*Raw data*.
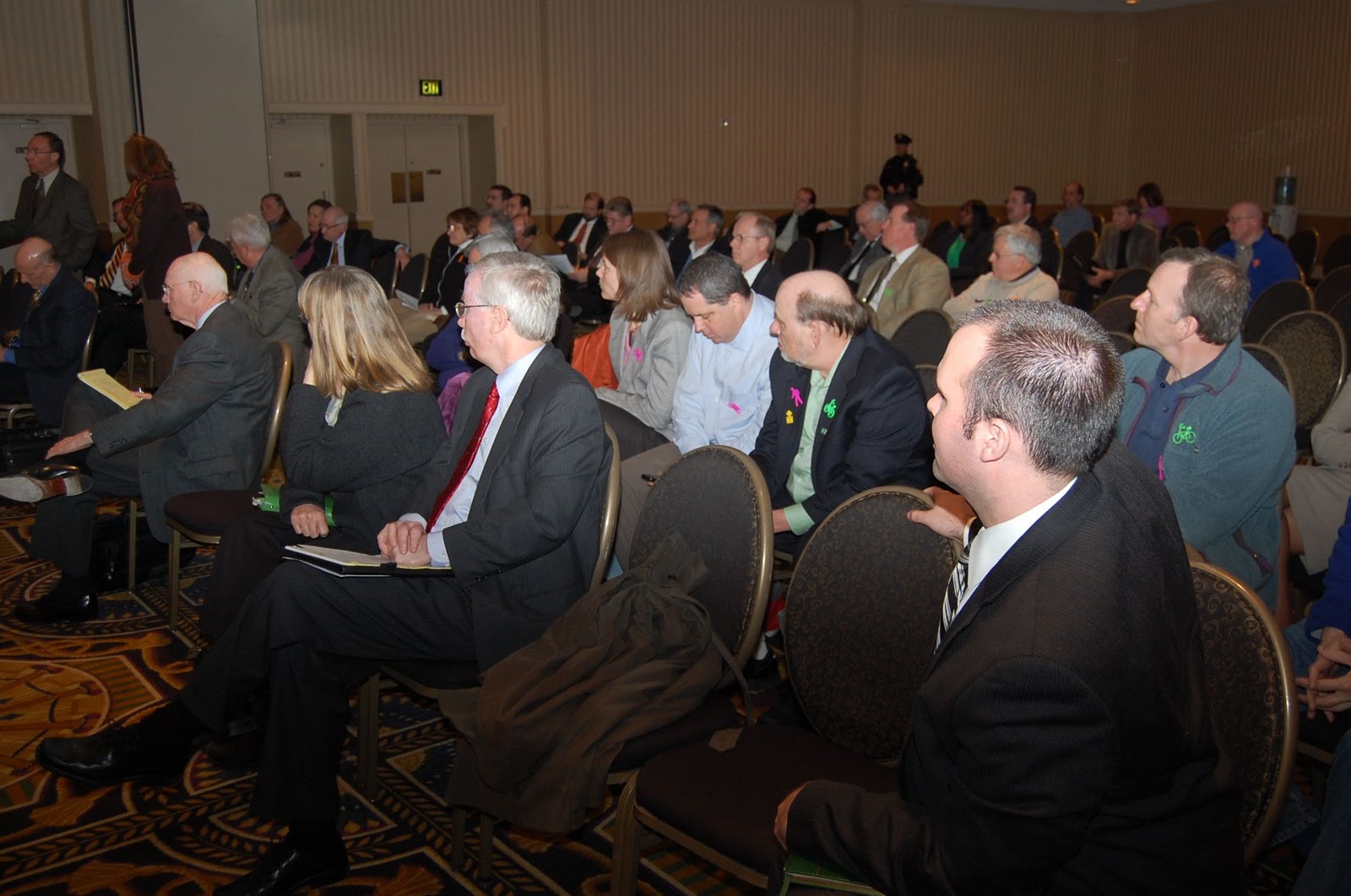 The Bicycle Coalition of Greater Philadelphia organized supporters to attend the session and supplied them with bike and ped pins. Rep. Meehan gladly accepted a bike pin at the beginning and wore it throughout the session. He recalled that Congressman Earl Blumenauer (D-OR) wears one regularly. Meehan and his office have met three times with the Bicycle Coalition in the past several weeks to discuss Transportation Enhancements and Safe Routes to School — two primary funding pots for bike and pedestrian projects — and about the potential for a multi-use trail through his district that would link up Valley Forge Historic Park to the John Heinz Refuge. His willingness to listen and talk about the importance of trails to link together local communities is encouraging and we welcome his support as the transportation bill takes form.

--

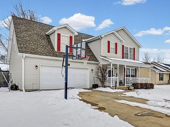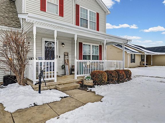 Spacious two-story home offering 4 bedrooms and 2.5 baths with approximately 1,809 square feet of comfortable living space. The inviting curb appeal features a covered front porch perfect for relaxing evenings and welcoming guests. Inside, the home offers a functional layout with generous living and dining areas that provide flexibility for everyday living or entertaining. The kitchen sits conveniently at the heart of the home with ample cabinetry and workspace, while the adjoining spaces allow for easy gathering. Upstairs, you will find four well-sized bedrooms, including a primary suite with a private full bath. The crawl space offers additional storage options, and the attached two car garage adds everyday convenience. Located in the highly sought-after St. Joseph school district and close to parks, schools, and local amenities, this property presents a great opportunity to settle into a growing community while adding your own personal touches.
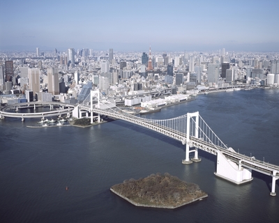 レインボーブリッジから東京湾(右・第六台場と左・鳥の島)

...

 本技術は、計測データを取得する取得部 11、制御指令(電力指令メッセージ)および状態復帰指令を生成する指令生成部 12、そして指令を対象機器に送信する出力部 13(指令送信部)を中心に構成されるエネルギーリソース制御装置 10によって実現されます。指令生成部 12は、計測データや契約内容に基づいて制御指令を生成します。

*Task directions*.
Please copy the lines above exactly, starting at the line that holds "Spacious two-story home" and ending at the line that holds "レインボーブリッジから東京湾(右・第六台場と左・鳥の島)"; include both, but no pictures.

*Exercise answer*.
 Spacious two-story home offering 4 bedrooms and 2.5 baths with approximately 1,809 square feet of comfortable living space. The inviting curb appeal features a covered front porch perfect for relaxing evenings and welcoming guests. Inside, the home offers a functional layout with generous living and dining areas that provide flexibility for everyday living or entertaining. The kitchen sits conveniently at the heart of the home with ample cabinetry and workspace, while the adjoining spaces allow for easy gathering. Upstairs, you will find four well-sized bedrooms, including a primary suite with a private full bath. The crawl space offers additional storage options, and the attached two car garage adds everyday convenience. Located in the highly sought-after St. Joseph school district and close to parks, schools, and local amenities, this property presents a great opportunity to settle into a growing community while adding your own personal touches.
 レインボーブリッジから東京湾(右・第六台場と左・鳥の島)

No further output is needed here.